Likewise, discussion of the side effects of insulin was insufficient. Three participants P31 (female, 55-year-old), P75 (male, 70-year-old) and P88 (male, 73-year-old), from 3 focus groups expressed a shared worry that exogenous insulin would take over remaining pancreatic function and thereby result in organ (pancreas) failure. They suspected direct injection of insulin was overly potent. It would therefore stop pancreatic cells from producing insulin. Other commonly exaggerated insulin side effects include chronic neuralgic pain, profuse bleeding, broken needle, punctured internal organ and consequential scars over body with many holes, and subsequent changes of skin texture and colour. Air bubbles might be injected into body that could result in death. Few participants described their observation of hypoglycemic attack of their relatives. The victim became uncontrollable, insane and unable to handle. Collectively, insulin injection should be avoided at all cost for self-preservation.
Patients were not familiar with insulin pen and the injection process: On the contrary to the existing research finding that most insulin naive DM patients were familiar with insulin pen [12], most participants in this study never sawan insulin pen, much less the injecting process. Consequently,some participants associated injection of insulin with what they saw and felt in their existing experience from their visits to clinics or hospitals. The needle is a much longer and bigger, 20 or 25 -gauges and 25 to 30 mm long. This explained why some participants were prompted into anxiety, fear of pain, phobia of blood, and other physiological responses (e.g., chills, rigor, sweating and palpitation).
Participants generally perceived that the injection of insulin was a complicated process requiring intensive professional knowledge and training. The storage of insulin, the sterilization of instruments, and the steps for injecting were all highly demanding and rigorous. Some participants illustrated the difficulty of injection by their clinicians' multiple attempts before successful venepuncture even though they were professionally trained. Injection of insulin was definitely beyond their literacy, knowledge and ability to handle. Various sites for insulin injection were also aired amongst the participants such as buttock, cubital fossa, umbilicus, anus and even the sole. It bothered much more the older age group because of their illiteracy in English, some also in Chinese, and their decline in eyesight and hand functioning.
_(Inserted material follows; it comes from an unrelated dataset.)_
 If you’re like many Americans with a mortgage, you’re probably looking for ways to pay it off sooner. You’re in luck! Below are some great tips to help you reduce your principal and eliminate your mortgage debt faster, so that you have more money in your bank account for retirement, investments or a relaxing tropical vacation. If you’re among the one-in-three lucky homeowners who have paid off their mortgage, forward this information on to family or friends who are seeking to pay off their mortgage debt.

Concern on the cost of insulin therapy: Given that most participants came from the lower socio-economic class, they worried much about the cost of insulin therapy. Some participants thought that they had to buy the pen and injection medicine from their pocket. In fact, people on insulin therapy only need to buy the needles of insulin pen that costs HK$200 (USD25) per month. The cost would be reimbursable if they were on the social security scheme. However, nearly none of the participants were clear about the policy. P86 (male, 63-year- old) even estimated the regular expenses for insulin therapy to be up to HK$40,000 (USD 5,000) per year. In line with the drug cost, P68 (female, 81-year-old, lives alone) worried about the additional financial cost for employing a helper to perform injection for her.
Misconceptions from conflicting medical advice (Table 4)
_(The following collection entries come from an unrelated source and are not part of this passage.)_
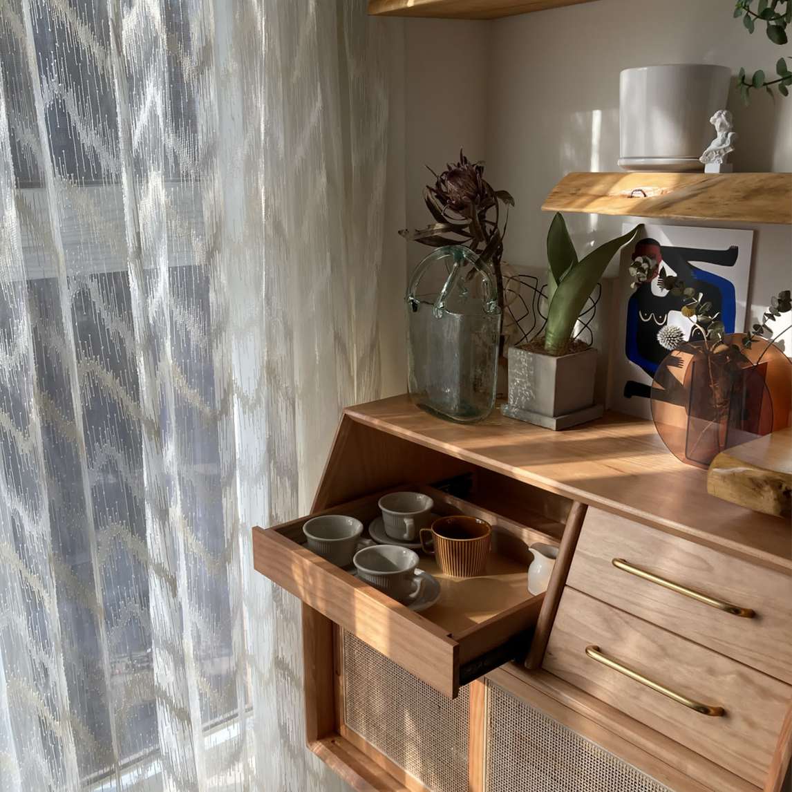 客厅采用了客餐厅一体式,拉长空间视觉效果,来弥补整体面积小的缺陷,让入户墙不单调,也增加了整体层次感,原木色木板,让整体空间颜色更温暖一些。
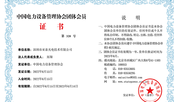 賀:深圳市亞泰光電成為中國電力設備管理協會會員單位
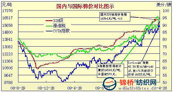 錦橋紡織網(wǎng)—資訊頻道> 棉花信息> cotlook>正文 國內(nèi)外棉價對比圖表(2.26-4.26)
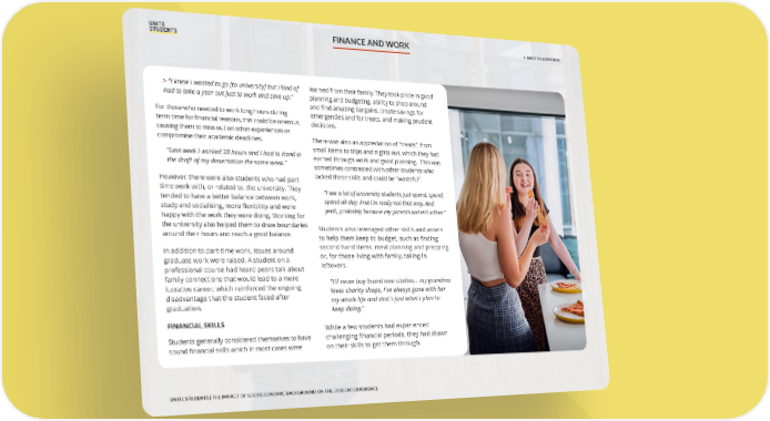 < BACK TO CONTENTS UNITE STUDENTS | THE IMPACT OF SOCIOECONOMIC BACKGROUND ON THE STUDENT EXPERIENCE > “I knew I wanted to go [to university] but I kind of had to take a year out just to work and save up.” For those who needed to work long hours during term time for financial reasons, this could be onerous, causing them to miss out on other experiences or compromise their academic deadlines. “Last week I worked 30 hours and I had to hand in the draft of my dissertation the same week.” However, there were also students who had part time work with, or related to, the university. They tended to have a better balance between work, study and socialising, more flexibility and were happy with the work they were doing. Working for the university also helped them to draw boundaries around their hours and reach a good balance. In addition to part-time work, issues around graduate work were raised. A student on a professional course had heard peers talk about family connections that would lead to a more lucrative career, which reinforced the ongoing disadvantage that the student faced after graduation. FINANCIAL SKILLS Students generally considered themselves to have sound financial skills which in most cases were learned from their family. They took pride in good planning and budgeting, ability to shop around and find amazing bargains, create savings for emergencies and for treats, and making prudent decisions. There was also an appreciation of “treats”, from small items to trips and nights out, which they had earned through work and good planning. This was sometimes contrasted with other students who lacked these skills and could be “wasteful”. “I see a lot of university students just spend, spend, spend all day. And I’m really not that way. And yeah, probably because my parents weren’t either.” Students also leveraged other skills and assets to help them keep to budget, such as finding second hand items, meal planning and prepping or, for those living with family, taking in leftovers. “I’ll never buy brand new clothes… my grandma loves charity shops, I’ve always gone with her my whole life and that’s just what I plan to keep doing.” While a few students had experienced challenging financial periods, they had drawn on their skills to get them through. FINANCE AND WORK
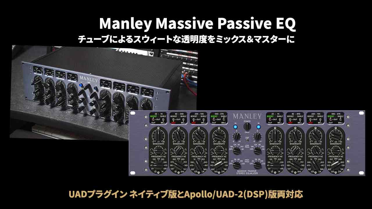Manley Massive Passive EQプラグインには、帯域幅を連続的に調整できるスタンダードバージョンと、16ステップの選択が簡単に呼び出せるマスタリングバージョンの2種類があります。個々の楽器やミックス全体に対して、微妙なストロークや広域のストロークを加えるのに最適で、ドラムやボーカルに耳障りの無いプレゼンスやシズル感を追加、クリアでパンチのあるボトムエンドでミックス全体に重みや重厚さを追加することができます。
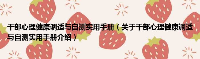 導讀 大家好,笑笑來為大家解答以上的問題。干部心理健康調適與自測實用手冊,關于干部心理健康調適與自測實用手冊介紹這個很多人還不知道,現在讓
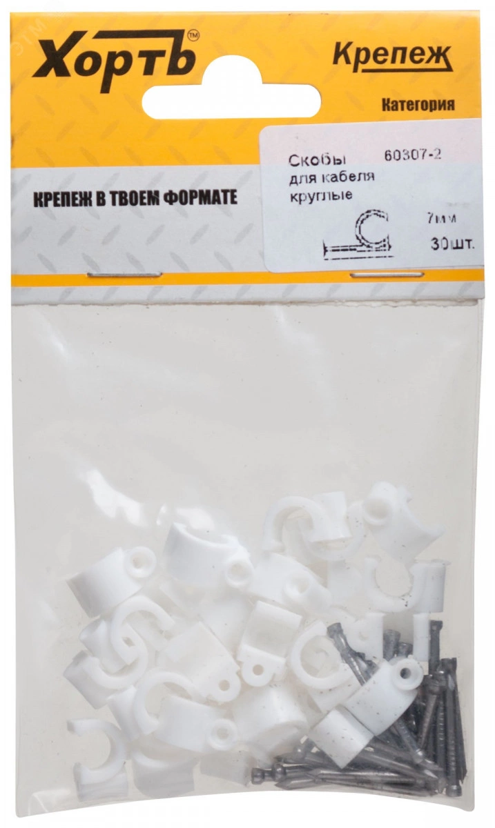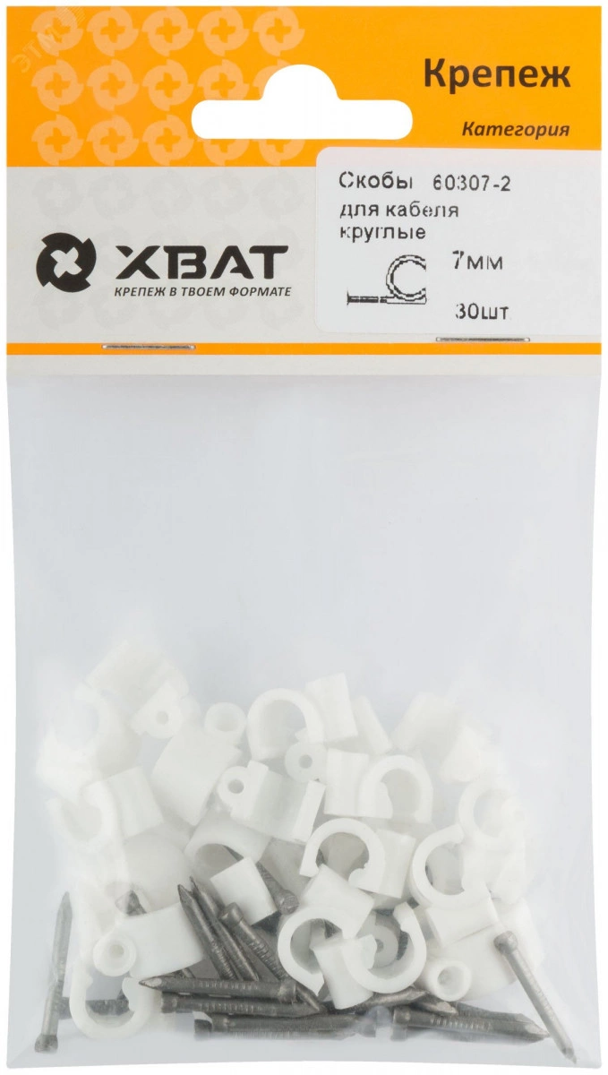 Скобы для кабеля круглые 7 мм (фасовка 30 шт.)

Most participants reported that the continuity of care from public and private doctors for their chronic illnesses was generally poor and the consultation time was short and erratic. If different clinicians gave different opinions, it confused patients of which DM treatment was the best in their condition. As a result, most participants simply chose the advice that supported their intention to delay or avoid insulin therapy.
Newer and more expensive oral drugs is equally effective as insulin: Many participants believed newer generation of OAAs that was ever effective and potent in controlling their blood sugar. The switch to insulin therapy was therefore deferrable if one could afford the expensive newer generation of OAAs. P58 (female, 55-year-old) claimed that she regularly attended both public clinics and a private doctor. While her latest HbA1c had been already up to 10.7% (93.4mmol/mol), she appreciated her private doctor who reassured and prescribed her with "drugs not available in public clinics". She adhered to oral therapy and had no intention to start insulin therapy. Such form of personal presumption gives rise to a myth in real life: the deferability of insulin therapy depended on money.
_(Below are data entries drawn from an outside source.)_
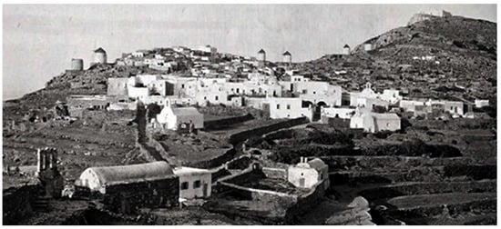 Windmills in Sikinos Chora at the end of the 19th c. [20].
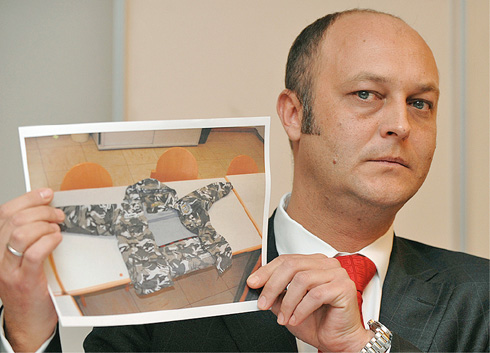 Представитель обвинения Жерар Ярош демонстрирует фотографию улики
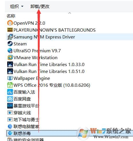 3、找到聯(lián)想殺毒選擇“卸載”;
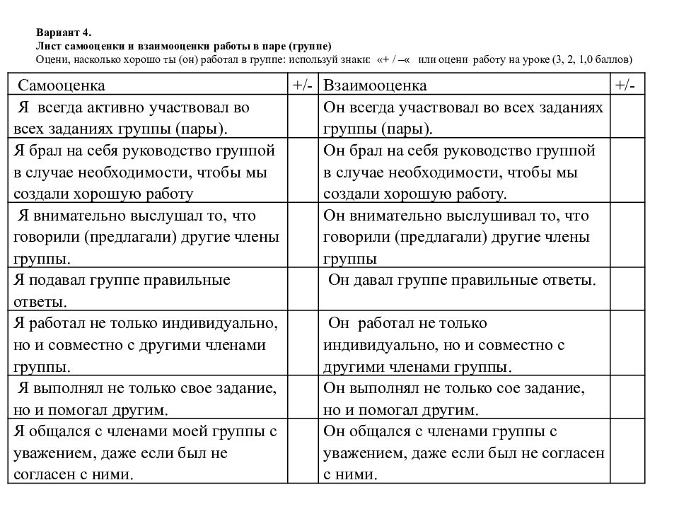 Самооценка +/- Взаимооценка +/- Я всегда активно участвовал во всех заданиях группы (пары). Он всегда участвовал во всех заданиях группы (пары). Я брал на себя руководство группой в случае необходимости, чтобы мы создали хорошую работу Он брал на себя руководство группой в случае необходимости, чтобы мы создали хорошую работу. Я внимательно выслушал то, что говорили (предлагали) другие члены группы. Он внимательно выслушивал то, что говорили (предлагали) другие члены группы Я подавал группе правильные ответы. Он давал группе правильные ответы. Я работал не только индивидуально, но и совместно с другими членами группы. Он работал не только индивидуально, но и совместно с другими членами группы. Я выполнял не только свое задание, но и помогал другим. Он выполнял не только сое задание, но и помогал другим. Я общался с членами моей группы с уважением, даже если был не согласен с ними. Он общался с членами группы с уважением, даже если был не согласен с ними. Вариант 4. Лист самооценки и взаимооценки работы в паре (группе) Оцени, насколько хорошо ты (он) работал в группе: используй знаки: « + / –« или оцени работу на уроке (3, 2, 1,0 баллов)
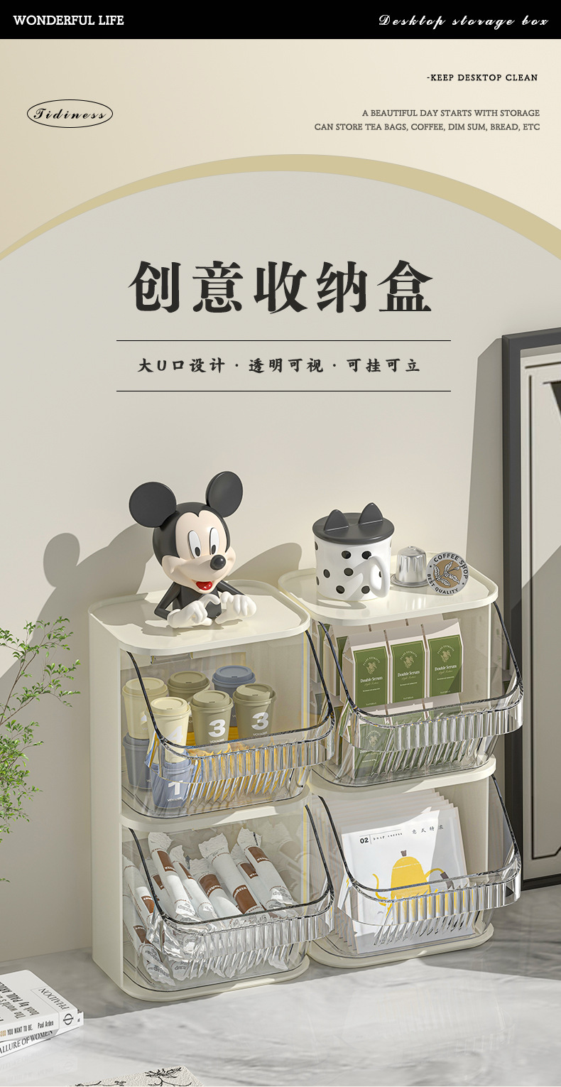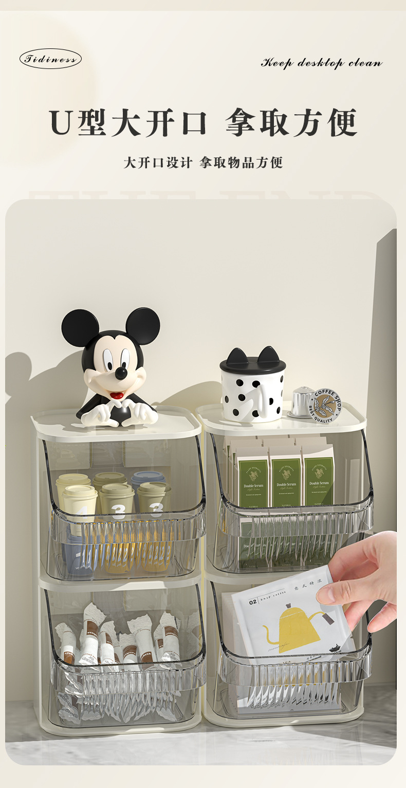 다층 아크릴 보관함 크리 에이 티브 데스크 데스크탑 보관함 잔해물 방진 투명 펀치없는 벽걸이 형 보관함

Different clinicians gave different treatment recommendation: The most common advices from clinicians were "you should be more careful about what you eat", "you should get out and move about" when the participants' blood sugar was high. They have an impression that one's success or failure in maintaining the optimal blood sugar level was solely a matter of diet and lifestyle control. P65 (64-year-old) knew that his blood sugar was always high, which was harmful to his health. He was hesitated whether he should start insulin therapy or not. Some doctors encouraged him, but one of them told him that he was too old, and therefore too risky to start insulin therapy. Overall, our participants commonly perceived clinician's negative attitude towards insulin.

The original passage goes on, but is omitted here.